**Aim of the task**: From first line to last, transcribe the listing exactly and skip any image.

**Data below**:
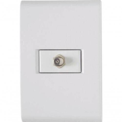 Conjunto 4x2 1 Tomada Tv/sat Coaxial Tramontina Liz Branco As placas e módulo da Linha Liz sãofabricados em termoplástico com acabamento brilho na cor branca , que não retémpoeira, unindo qualidade e praticidade . O sistema é modular, com gradualajuste entre a placa e o suporte , proporcionando perfeito acabamento da placacom a parede . Possuem furo oblongo para facilitar a fixação e a regulagem daplaca á parede. Além disso , possuem furos para a fixação em parede de madeira.A fixação não aparente.Acompanham suporte e parafusos para instalação.Garantiade 5 anos. Recomendações de Uso: A instalação e segurança: É importante que o produto seja instalado por profissional habilitado. Antes de instalar, desligue a energia elétrica.- Foto meramente ilustrativa Informações Adicionais:
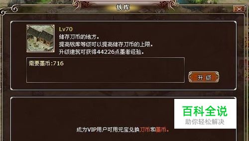 成为VIP可以在钱库用元宝兑换刀币和墨币,能更快捷地升级和打造装备等等。VIP等级越高,可兑换的次数越多。
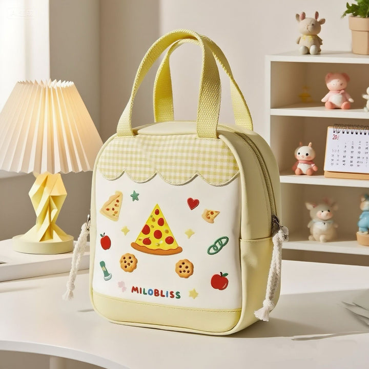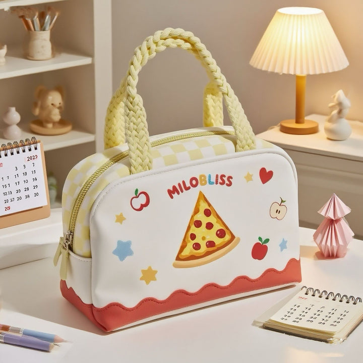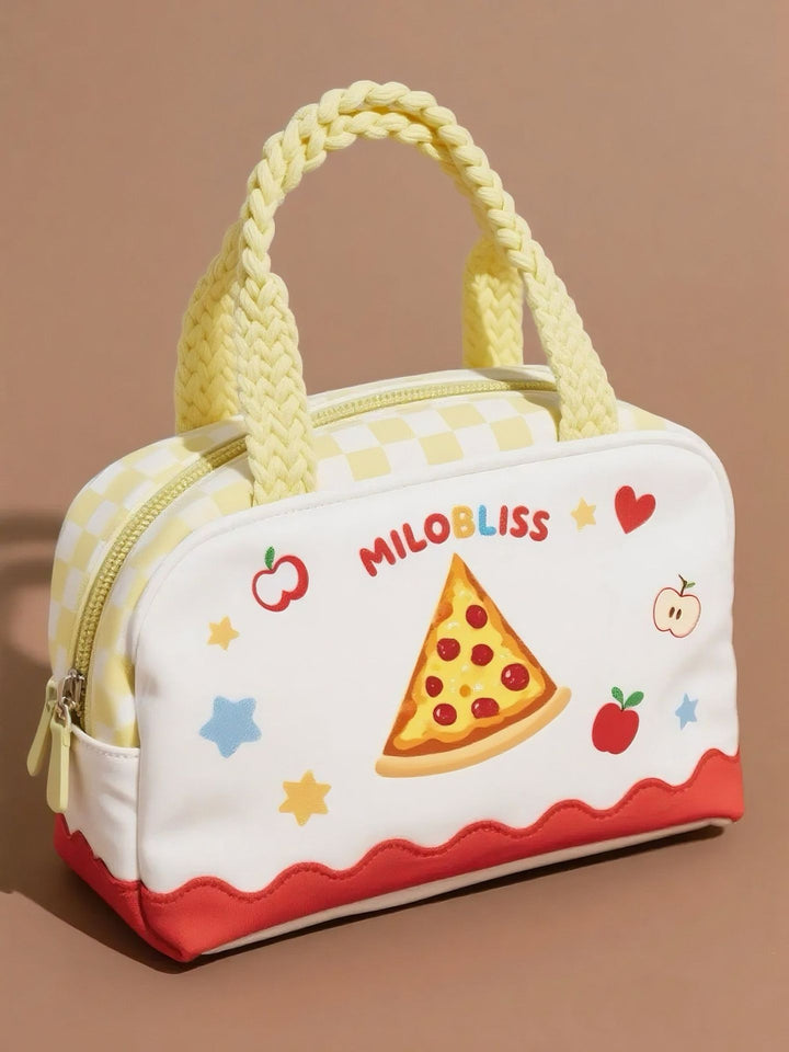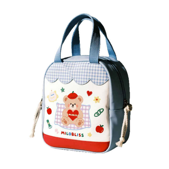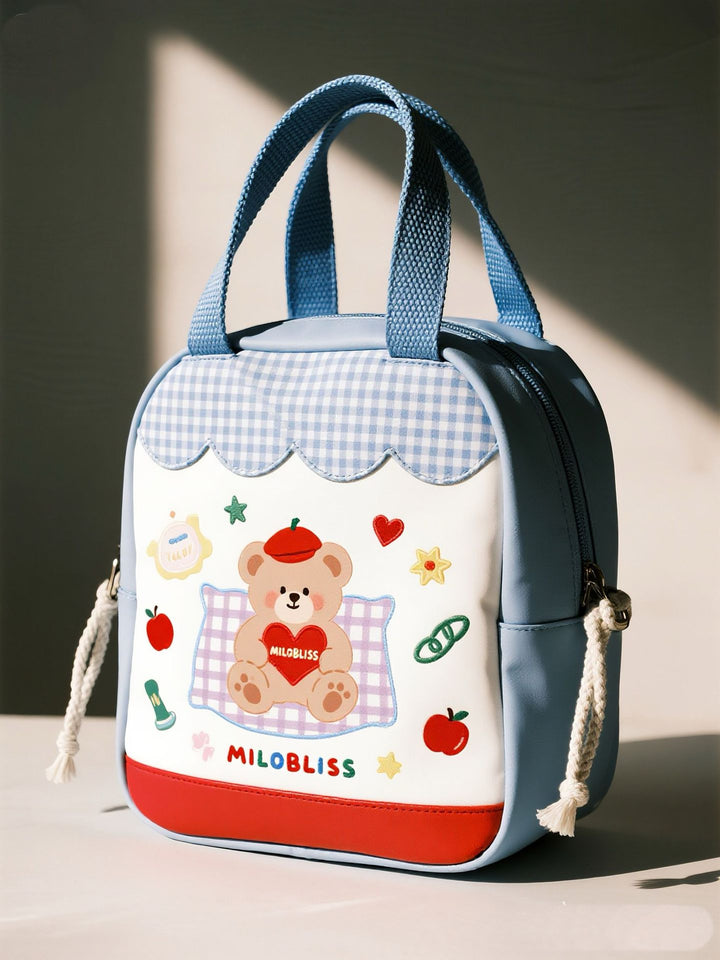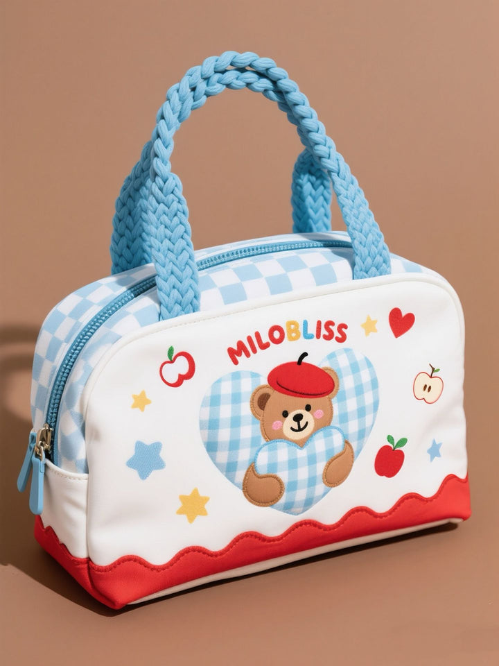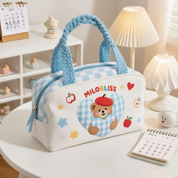 Customized fresh blue plaid portable cosmetic bag cartoon bear printing multi-function portable daily travel storage bag

**Task response**:
 Conjunto 4x2 1 Tomada Tv/sat Coaxial Tramontina Liz Branco As placas e módulo da Linha Liz sãofabricados em termoplástico com acabamento brilho na cor branca , que não retémpoeira, unindo qualidade e praticidade . O sistema é modular, com gradualajuste entre a placa e o suporte , proporcionando perfeito acabamento da placacom a parede . Possuem furo oblongo para facilitar a fixação e a regulagem daplaca á parede. Além disso , possuem furos para a fixação em parede de madeira.A fixação não aparente.Acompanham suporte e parafusos para instalação.Garantiade 5 anos. Recomendações de Uso: A instalação e segurança: É importante que o produto seja instalado por profissional habilitado. Antes de instalar, desligue a energia elétrica.- Foto meramente ilustrativa Informações Adicionais:
 成为VIP可以在钱库用元宝兑换刀币和墨币,能更快捷地升级和打造装备等等。VIP等级越高,可兑换的次数越多。
 Customized fresh blue plaid portable cosmetic bag cartoon bear printing multi-function portable daily travel storage bag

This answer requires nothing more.